**TASK OBJECTIVE**.
Once the line containing "国がリモートワークを推奨して" is found in the records below, return it and each following line exactly, up to and including the line containing "他们将PMOS与NMOS晶体", and nothing else.

**Saved entries**.
^^^^^^^^

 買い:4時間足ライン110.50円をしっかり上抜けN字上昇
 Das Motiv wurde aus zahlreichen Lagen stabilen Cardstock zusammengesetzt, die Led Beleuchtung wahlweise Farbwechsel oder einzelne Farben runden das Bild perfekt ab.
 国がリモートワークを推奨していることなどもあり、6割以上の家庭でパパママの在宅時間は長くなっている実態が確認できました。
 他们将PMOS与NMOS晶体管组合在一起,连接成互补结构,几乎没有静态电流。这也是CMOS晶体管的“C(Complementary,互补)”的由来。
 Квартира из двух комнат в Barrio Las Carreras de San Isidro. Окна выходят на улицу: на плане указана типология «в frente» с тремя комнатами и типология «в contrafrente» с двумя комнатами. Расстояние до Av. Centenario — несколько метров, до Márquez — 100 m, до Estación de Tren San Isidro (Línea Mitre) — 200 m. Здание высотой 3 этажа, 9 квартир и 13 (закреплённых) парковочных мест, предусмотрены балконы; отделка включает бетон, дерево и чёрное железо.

^^^^^^^^

**YOUR RESPONSE**.
 国がリモートワークを推奨していることなどもあり、6割以上の家庭でパパママの在宅時間は長くなっている実態が確認できました。
 他们将PMOS与NMOS晶体管组合在一起,连接成互补结构,几乎没有静态电流。这也是CMOS晶体管的“C(Complementary,互补)”的由来。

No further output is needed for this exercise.